--- Dataset records Enclosed Below ---
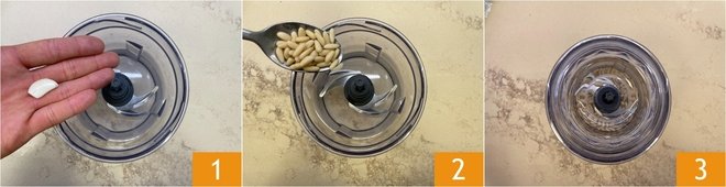 To prepare pasta with pesto and cherry tomatoes, first make the pesto: place half a clove of garlic 1 and the pine nuts 2 in the food processor, then blend everything for a few seconds 3.
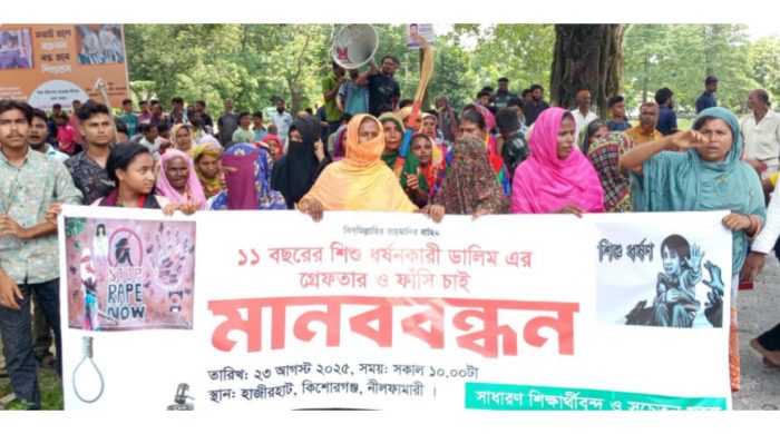 এসময় বক্তারা বলেন, অবিলম্বে ধর্ষক ডালিমকে গ্রেফতার পূর্বক ফাঁসি দিতে হবে। যাতে আর কেউ এ রকম কাজে সাহস না পায়। আমরা আমাদের শিশুদের নিরাপত্তা চাই।
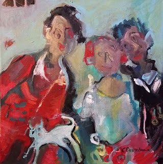 Ma peinture s'inspire de scènes de vie contemporaines. Je tends à simplifier mes personnages jusqu'à la caricature. J'aime quand ils évoluent librement au milieu de décors abstraits.
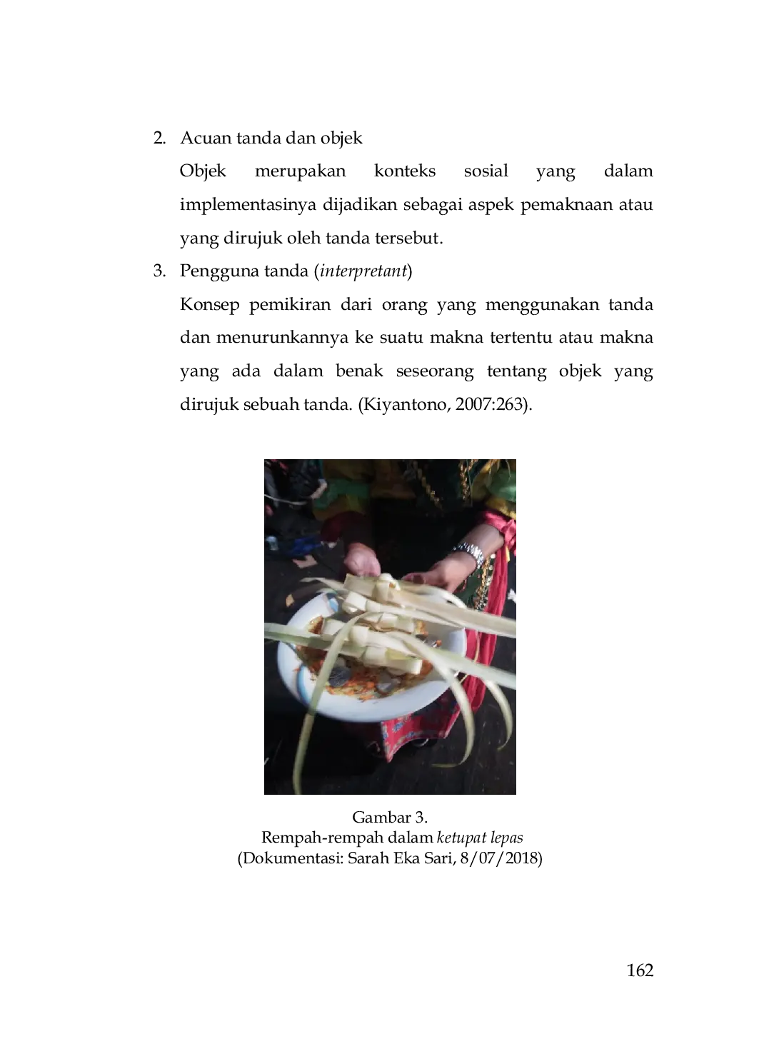 Pascasarjana ISBI Bandung Conference SeriesPascasarjana ISBI Bandung Conference SeriesSebagian masyarakat Betawi di Bekasi masih sering melakukan upacara-upacara ritual. Salah satunya upacara narik ketupat lepas yang bertujuan memenuhi hutang seseorang yang punya nazar. Tujuan penulisan kajian ini untuk mengungkap simbol-simbol yang ada dalam material upacara narik ketupat lepas adat Betawi di Bekasi. Adapun teori yang digunakan dalam penulisan ini adalah semiotika Charles Sanders Peirce. Adapun metode yang digunakan dalam kajian ini adalah metode penelitian kualitatif dengan analisis semiotik. Analisis semiotika secara khusus meneliti bagaimana beberapa bagian teks (kata, gambar, film, iklan majalah, lagu, benda dan lain-lain).
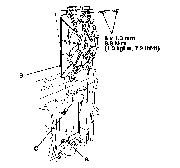 8. Remove the A/C compressor clutch connector (A) from the A/C condenser fan shroud (B), then open the wire harness clip. Disconnect the A/C condenser fan connector (C). Remove the upper mounting bolts and the A/C condenser fan shroud. Be careful not to damage the radiator fins when removing the A/C condenser fan shroud.
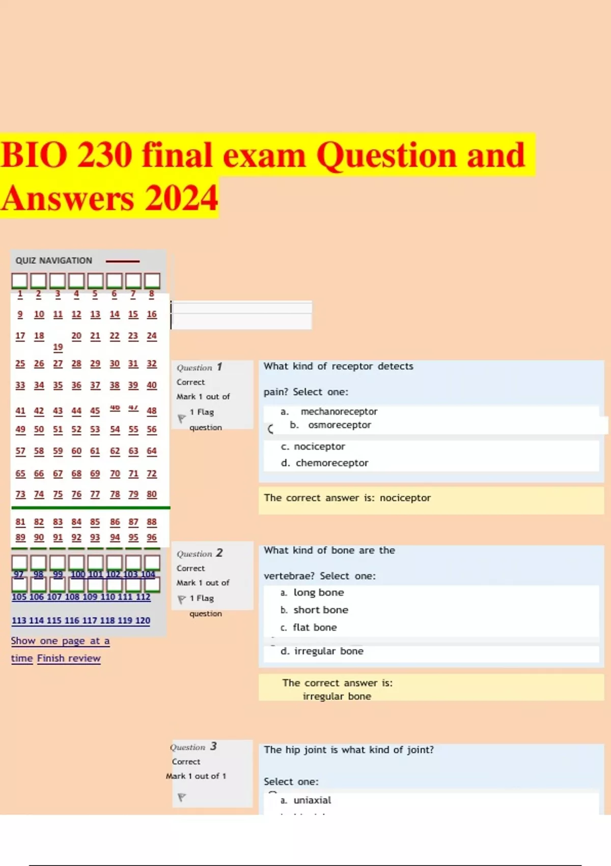 BIO 230 final exam Question and Answers 2024
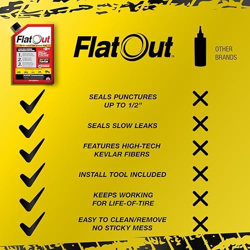 CONTAINS SUPER-STRONG KEVLAR: Containing super-strong Kevlar fibers FlatOut Tire Sealant Sportsman Formula is water-washable, non-toxic and latex/adhesive-free so there is never a sticky mess to clean up
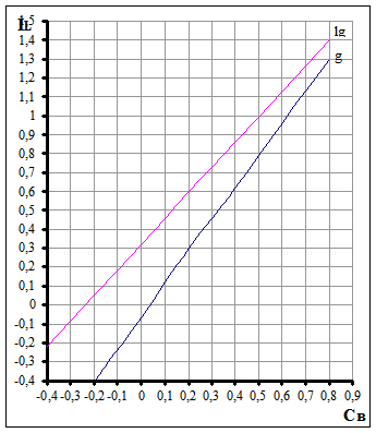 Рис. 3. График зависимости показателя текучести и консистенции для моренных (g) и озерно-ледниковых (lg) отложений территории Санкт-Петербурга (по данным «Трест ГРИИ»).
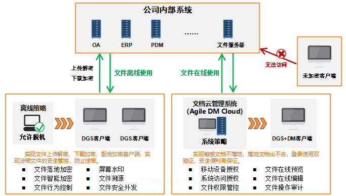 敏捷云文档管理系统Agile DM Cloud为企业搭建一个文档集中管理和在线使用的云平台。结合文档管理制度,从文档的访问、创建、归档、浏览、检索、分享和销毁等全生命周期提供集中管理与安全管控,解决居家办公文件安全、用户访问权限混乱、文档使用和存储不便等问题。结合DGS加密环境,可满足企业应对远程办公文件安全和管理的各种应用需求。
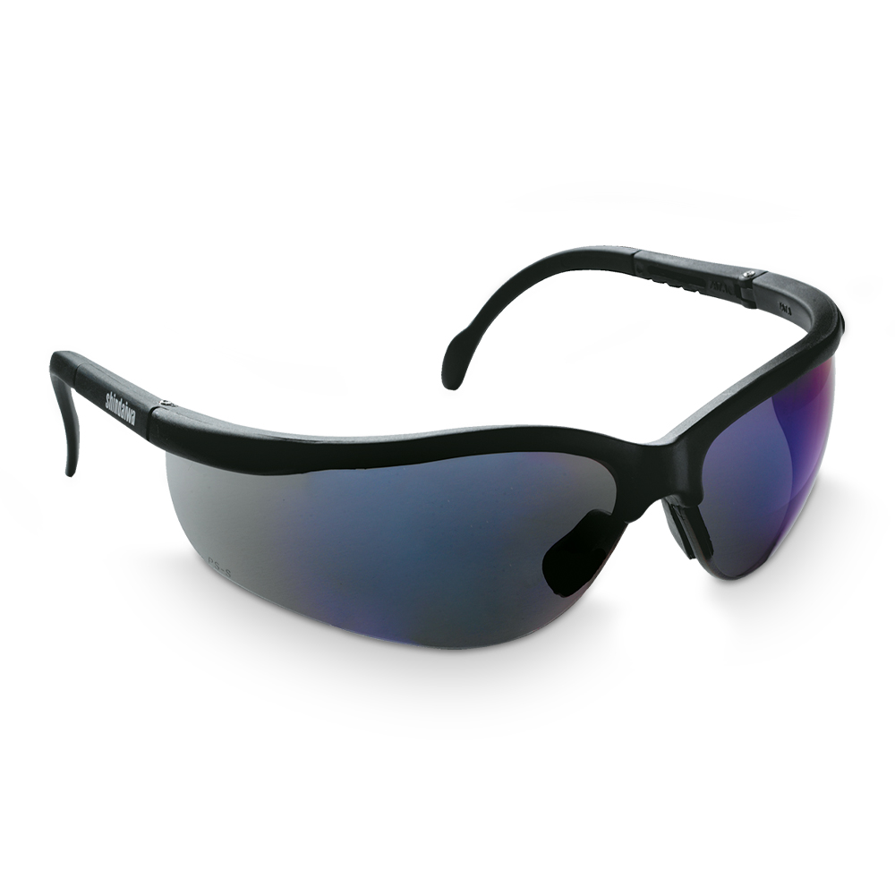 Shindaiwa's blue lens safety glasses offer stylish, functional eye protection against debris and harmful UV rays. Lightweight and frameless, they have rubber temples and nose pieces for comfort. The curved lenses provide excellent side protection against dust and debris, which is ideal for yard work or job tasks.
--- End of Enclosed Dataset records ---
Both the first line of the records above and the line containing "এসময় বক্তারা বলেন, অবিলম্বে" belong in the copy; please return them and every line between, exactly, minus the pictures.

 To prepare pasta with pesto and cherry tomatoes, first make the pesto: place half a clove of garlic 1 and the pine nuts 2 in the food processor, then blend everything for a few seconds 3.
 এসময় বক্তারা বলেন, অবিলম্বে ধর্ষক ডালিমকে গ্রেফতার পূর্বক ফাঁসি দিতে হবে। যাতে আর কেউ এ রকম কাজে সাহস না পায়। আমরা আমাদের শিশুদের নিরাপত্তা চাই।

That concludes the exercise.